▸ **Exercise objective**: Below are some records. Return exactly their lines from the one containing "Wat is er gebeurd" through the one containing "Turned Edge Binders", and drop the pictures.

---------- Data in this exercise

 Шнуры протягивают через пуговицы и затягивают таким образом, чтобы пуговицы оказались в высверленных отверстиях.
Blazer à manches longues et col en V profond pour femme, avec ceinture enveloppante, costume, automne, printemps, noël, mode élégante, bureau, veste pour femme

--------------------
---------- Data in this exercise

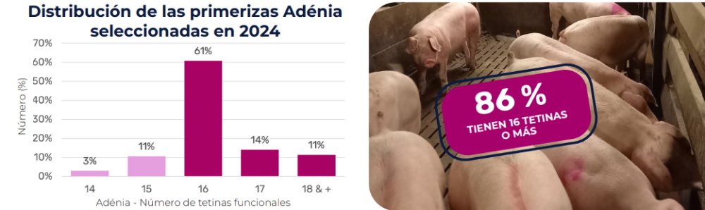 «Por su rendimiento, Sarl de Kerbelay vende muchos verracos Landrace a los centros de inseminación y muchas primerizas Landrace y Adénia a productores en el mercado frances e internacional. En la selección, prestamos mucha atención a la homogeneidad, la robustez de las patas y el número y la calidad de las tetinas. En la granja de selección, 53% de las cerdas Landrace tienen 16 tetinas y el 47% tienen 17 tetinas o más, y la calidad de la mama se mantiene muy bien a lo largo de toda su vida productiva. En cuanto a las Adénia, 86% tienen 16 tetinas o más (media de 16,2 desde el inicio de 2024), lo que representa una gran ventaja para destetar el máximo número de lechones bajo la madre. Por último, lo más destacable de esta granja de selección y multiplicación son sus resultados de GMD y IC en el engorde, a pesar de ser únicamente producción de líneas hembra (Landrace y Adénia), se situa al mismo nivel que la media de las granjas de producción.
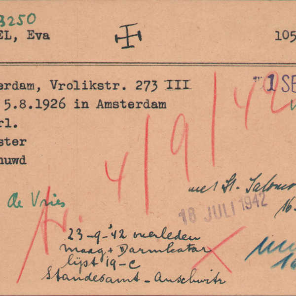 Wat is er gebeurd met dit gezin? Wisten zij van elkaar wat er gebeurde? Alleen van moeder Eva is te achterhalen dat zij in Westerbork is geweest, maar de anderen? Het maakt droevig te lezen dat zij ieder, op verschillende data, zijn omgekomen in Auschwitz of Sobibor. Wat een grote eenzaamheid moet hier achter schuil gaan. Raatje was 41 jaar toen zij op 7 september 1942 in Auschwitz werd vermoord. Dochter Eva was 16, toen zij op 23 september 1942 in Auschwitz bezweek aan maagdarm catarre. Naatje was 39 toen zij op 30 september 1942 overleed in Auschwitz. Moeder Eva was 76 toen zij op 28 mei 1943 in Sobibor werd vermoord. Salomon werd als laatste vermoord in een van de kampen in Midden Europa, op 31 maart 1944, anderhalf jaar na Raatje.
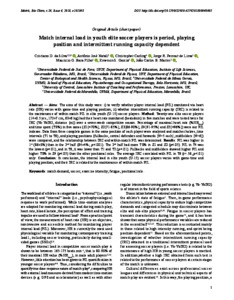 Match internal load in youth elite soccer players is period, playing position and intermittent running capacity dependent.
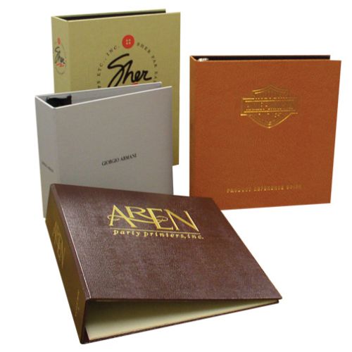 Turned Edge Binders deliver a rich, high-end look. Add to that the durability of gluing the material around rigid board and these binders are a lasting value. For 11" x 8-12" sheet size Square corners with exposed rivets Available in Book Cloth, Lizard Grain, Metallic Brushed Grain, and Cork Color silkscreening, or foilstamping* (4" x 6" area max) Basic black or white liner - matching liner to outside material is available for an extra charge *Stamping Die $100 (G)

--------------------

▸ **Response**:
 Wat is er gebeurd met dit gezin? Wisten zij van elkaar wat er gebeurde? Alleen van moeder Eva is te achterhalen dat zij in Westerbork is geweest, maar de anderen? Het maakt droevig te lezen dat zij ieder, op verschillende data, zijn omgekomen in Auschwitz of Sobibor. Wat een grote eenzaamheid moet hier achter schuil gaan. Raatje was 41 jaar toen zij op 7 september 1942 in Auschwitz werd vermoord. Dochter Eva was 16, toen zij op 23 september 1942 in Auschwitz bezweek aan maagdarm catarre. Naatje was 39 toen zij op 30 september 1942 overleed in Auschwitz. Moeder Eva was 76 toen zij op 28 mei 1943 in Sobibor werd vermoord. Salomon werd als laatste vermoord in een van de kampen in Midden Europa, op 31 maart 1944, anderhalf jaar na Raatje.
 Match internal load in youth elite soccer players is period, playing position and intermittent running capacity dependent.
 Turned Edge Binders deliver a rich, high-end look. Add to that the durability of gluing the material around rigid board and these binders are a lasting value. For 11" x 8-12" sheet size Square corners with exposed rivets Available in Book Cloth, Lizard Grain, Metallic Brushed Grain, and Cork Color silkscreening, or foilstamping* (4" x 6" area max) Basic black or white liner - matching liner to outside material is available for an extra charge *Stamping Die $100 (G)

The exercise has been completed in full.